Meta missed earnings and the stock fell 10%. It’s now a $1.7T company. There was a surprise one-time tax charge of $15.9B that crushed net income, spending on AI researchers has been wild, and capex is growing a ton ($72B this year). But the core business rocks and we know this. $51.2B in revenue this quarter, up 26% year-over-year. There are just so many dials that the Meta team can get slightly more dialed every quarter. More users, more time on platform, more ads, more targeted ads, etc… small tweaks compound.
The bigger question in my mind is about what happens to the advertising cash machine once you are two decades in. Google went through a transition on October 2nd, 2015 that, at the time, looked delusional, but now looks genius. They rebranded to Alphabet and began spinning a narrative that they were more than a search company. This was heavily memed at the time. They couldn’t get their Google+ social network to work, they had a dozen failed attempts to create a chat app, even poor pitiful Google Reader got taken out back.
Today, Alphabet deserves the broader name, the company is more than just a Google search box and 10 blue links. Google Cloud is material, DeepMind is material, Waymo is material. These are key to Alphabet’s future value but also key to running the business today.

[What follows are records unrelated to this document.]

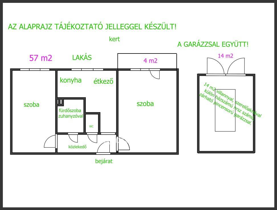 HAJDÚBÖSZÖRMÉNYBEN RENDKÍVŰL JÓ HELYEN ELADÓ, egy 57 m2-es magas földszinti kert kapcsolatos. erkélyes lakás, 14 m2 szerelő aknás garázzsal pince tárolokkal.
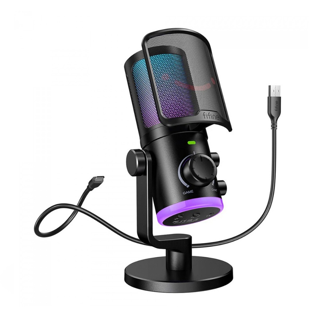 Microfone Gamer Fifine Ampligame Am6 Condensador RGB Usb Preto
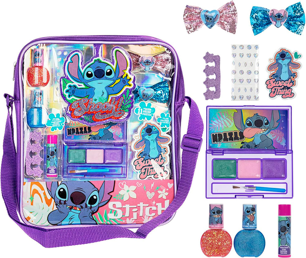 Maquillage sur le pouce avec ce sac à bandoulière Stitch Cosmetic rempli de maquillage! L'ensemble comprend un baume à lèvres, des vernis à ongles, des accessoires pour les cheveux et tout ce dont ils ont besoin pour obtenir un look fabuleux. Désormais, vos enfants peuvent se maquiller n'importe où, n'importe quand! Parfait pour la rentrée scolaire et les fêtes de fin d'année.
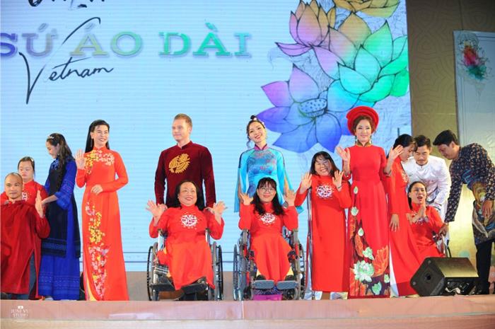 Không chỉ là một đêm trình diễn Thời trang, đêm Gala Đại sứ áo dài Việt Nam còn trở nên vô cùng ấm cúng và xúc động với hình ảnh màn trình diễn áo dài của các người mẫu và nghệ sỹ nổi tiếng Việt với những người khuyết tật. Đưa ý tưởng để người khuyết tật diện áo dài lên sân chơi này, NTK Việt Hùng cho biết: “Tôi và những người đã đồng hành cùng tôi trong chương trình này đã may mắn hơn các bạn, nên chúng tôi mong mình có thể san sẻ chút nào đó những may mắn ấy, để truyền đến cộng đồng người khuyết tật một niềm tin vào cuộc sống. Đây cũng là dịp để động viên, khuyến khích người khuyết tật tự tin thể hiện tài năng, năng khiếu trong sáng tác và biểu diễn nghệ thuật của mình, làm phong phú thêm đời sống văn hóa, tinh thần cho họ, góp phần làm thay đổi nhận thức xã hội, xóa bỏ rào cản, tạo điều kiện để người khuyết tật vươn lên hòa nhập cộng đồng”.
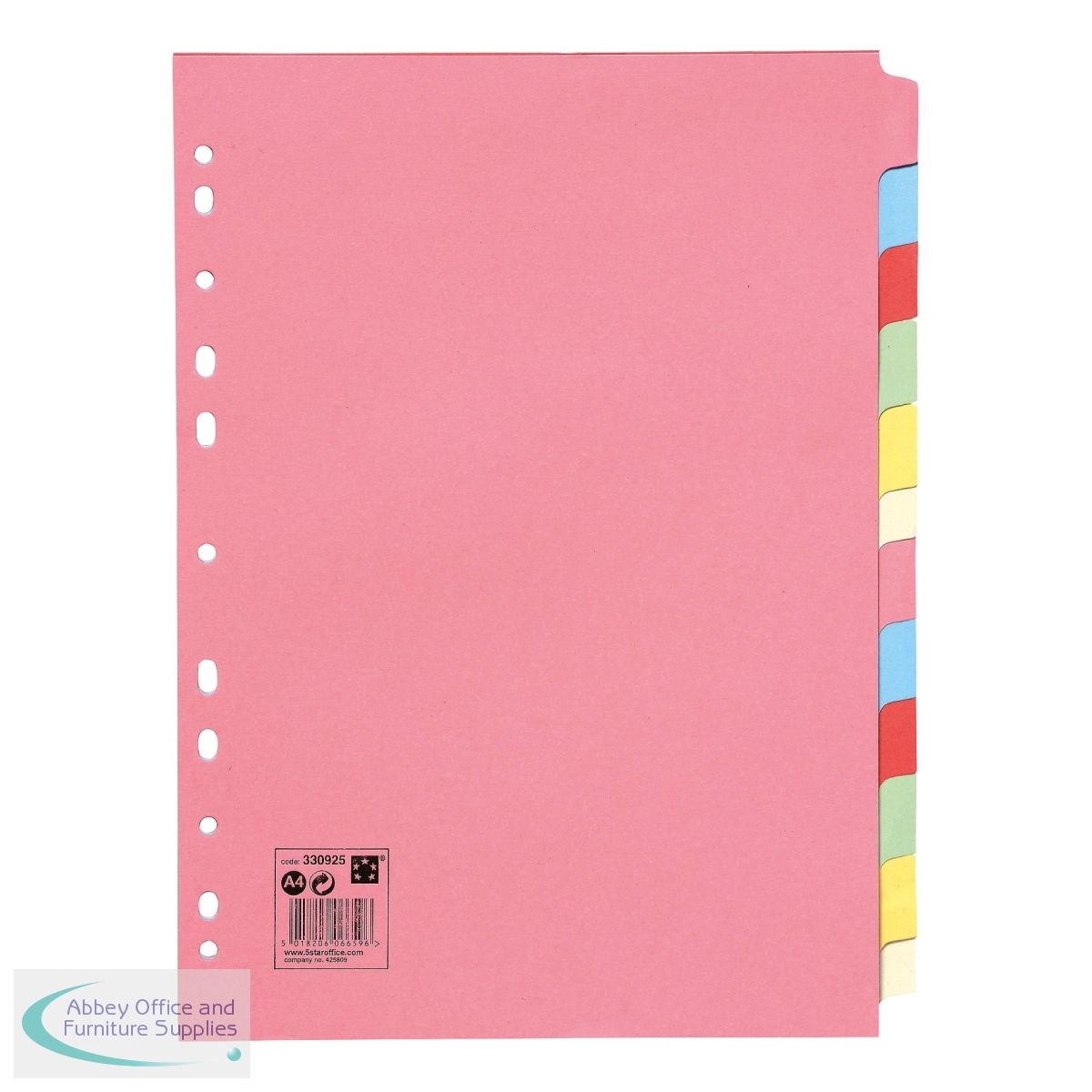 5 Star Office is a competitive range of office stationery. These 12-part file dividers are a high quality option made from 100% recycled material. The brightly coloured tabs help separate sheets and documents. File dividers are a convenient way of keeping track of your documents when you have them stored in folders. 5 Star Office A4 file dividers provides a professional filing solution for your everyday office needs. Suitable for all lever arch files and ring binder folders.
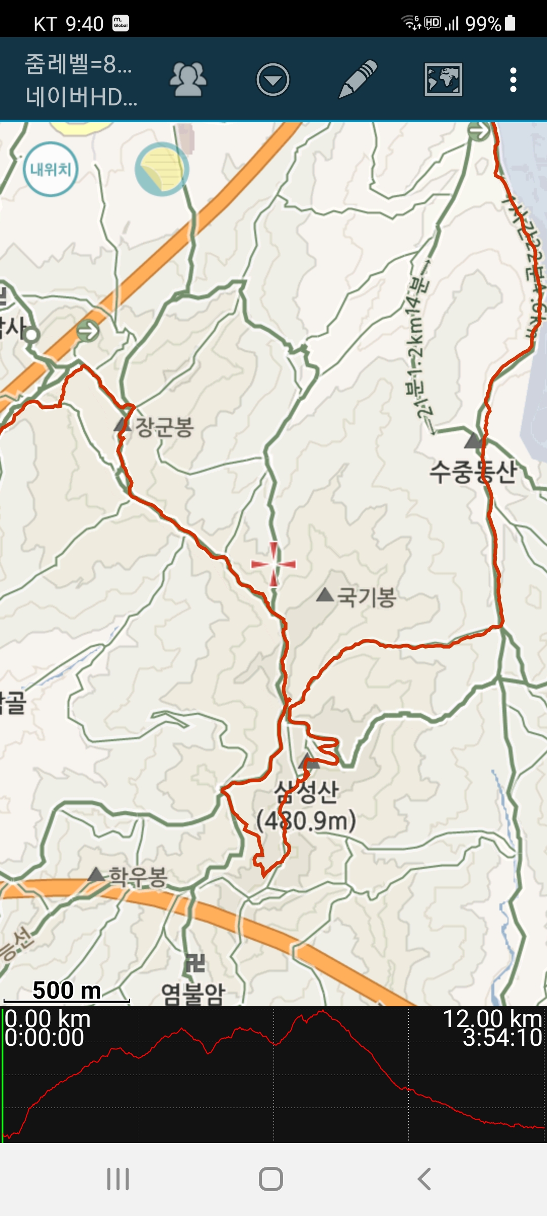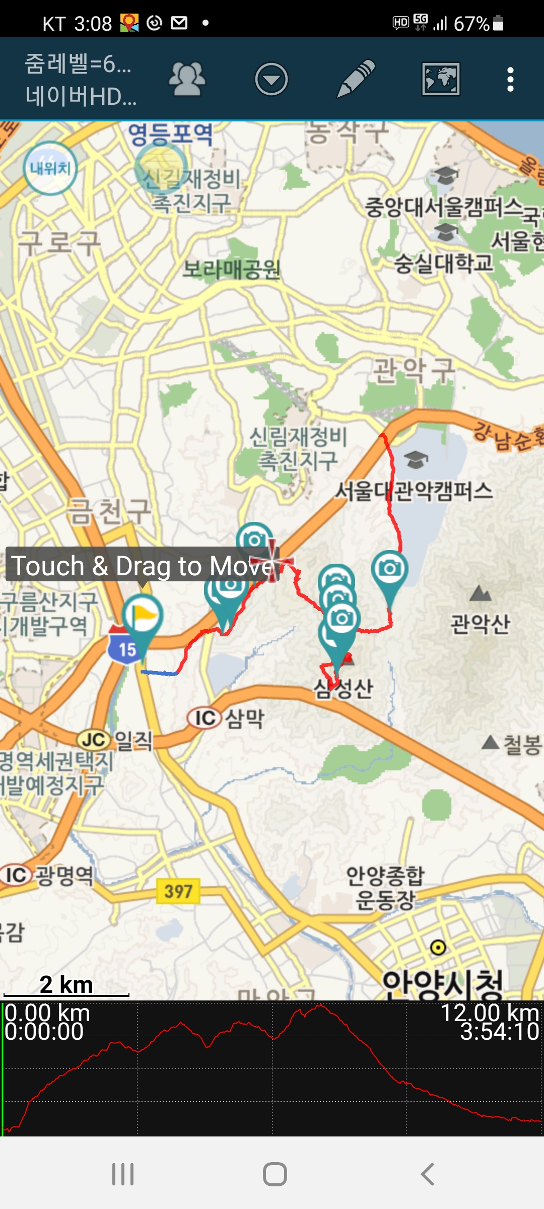 4시간20여분에 걸쳐 12키로의 호암,삼성산을 기분좋게 걷는 하루였다.

The interplay between these divisions creates a ton of value, but more importantly, I don’t think these businesses would exist if they hadn’t grown up in a cash-rich environment. The Google ads business basically gave them infinite runway to develop new technology with uncertain horizons and then go find their position in the market as it matures.
Now, on October 28, 2021, Facebook rebranded to Meta. I think it’s overly narrow to frame this as purely focused on virtual reality and “the metaverse.” In my mind, it’s more similar to the Google ➞ Alphabet rebrand and representative of zooming out and focusing on different business lines. VR was just the first in the queue, but it’s worth taking a temperature check here.

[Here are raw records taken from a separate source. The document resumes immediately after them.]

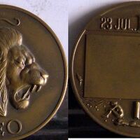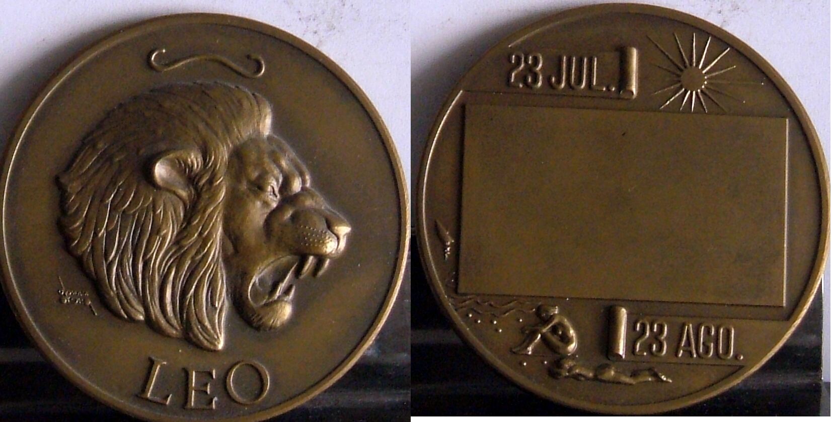 - Fotografía de las caras de una medalla representativa del signo del zodiaco Leo, con la imagen de la cabeza de perfil de un león con la boca abierta rugiendo, junto al reverso donde se aprecia un rectángulo vacío en mitad de la medalla junto a las cartelas con las fechas de dicho signo con un sol y unas bañistas en la playa.
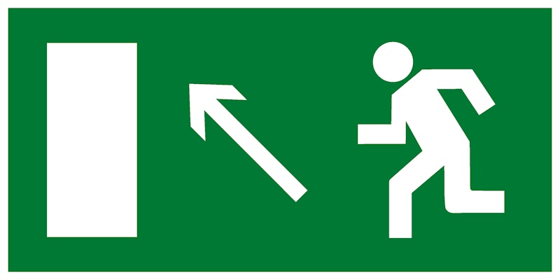 Эвакуационный знак Е06 предназначен для указания направления движения к эвакуационному выходу – налево вверх. Устанавливается на путях эвакуации. Изготавливается на белой самоклеящейся пленке.
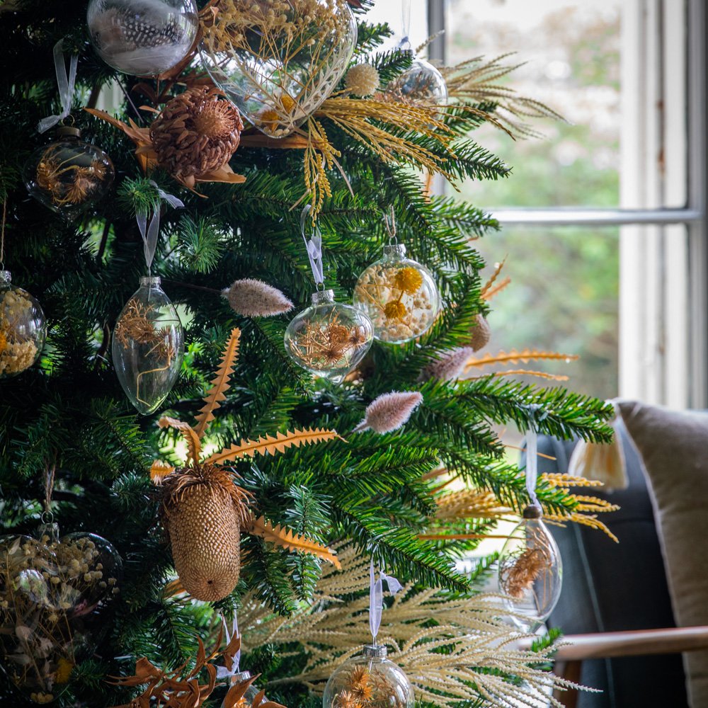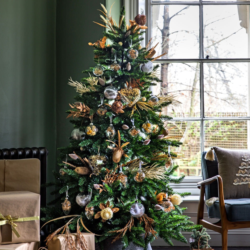 These stunning baubles offers a contemporary twist on a classic, featuring textured fawn coloured feathers inside a clear bauble, they are sure to stand out.

There’s no question that AI will be a sustaining innovation for Meta’s core family of apps. Machine learning has been generating immense value for the company in ad targeting since ~2013. Well before OpenAI was founded in 2015, or Google’s transformer paper dropped in 2017. The core business is solid, we know this, but where do Meta’s “Other Bets” go? Mark Zuckerberg has an amazing track record when it comes to buying other social networks that integrate directly with Facebook’s core infrastructure. His track record building or buying successfully in non-overlapping markets is less established.
The line from Google as a PhD research project, to a sort of academic campus focused on “organizing the world’s information,” to mapping the physical world, to building a self-driving car is a crazy chain of events, but it does sort of have a natural logic to it as you look back with 20/20 hindsight. Facebook has oriented around a mission of “bringing people together,” which, in many ways, sounds maybe even more noble than just organizing information, but it doesn’t fit neatly into the AI era.

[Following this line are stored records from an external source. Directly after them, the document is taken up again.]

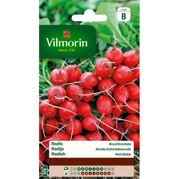 Vroege variëteit voor de volle grond, vormt mooie ronde en donkerrode radijsjes.
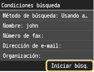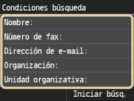 Los nombres personales, los números de fax, las direcciones de e-mail, los nombres de organizaciones y los nombres de departamentos son criterios disponibles para buscar destinos. Es posible especificar varios criterios de búsqueda al mismo tiempo.
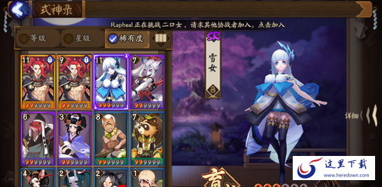 说明:雪女带日女四件套or雪幽魂四件套,妖琴师堆速度,妖琴师开场拉雪女控住对面。用日女的话附带打进度条30%的效果,30%触发率使得雪女使用收益很大。用雪幽魂的话冰冻概率更高。控住对方的话,这边随便怎么玩都行。
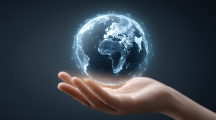 Detailed Glimpse into a Holographic Earth Held Gently in an Outstretched Hand, Showcasing Advanced Technology and Global Connectivity

Reality Labs and Meta Superintelligence / TBD Labs might turn into massive new business lines over time, just as Google Cloud and DeepMind did at Alphabet, but aligning these new initiatives with the core Meta mission and then also justifying expenses to shareholders will be an ongoing challenge.
Great @gamecraftpod epi covering the @EA take private. @mitchlasky has epic suggestions for what they could do. Fingers crossed. Especially for the Sims franchise.
The bull case for Apple + AI is they’re going to completely avoid enormous amounts of capex spend, get most of the consumer value from intelligently integrating Gemini, and get paid a boatload of money from Google for doing so.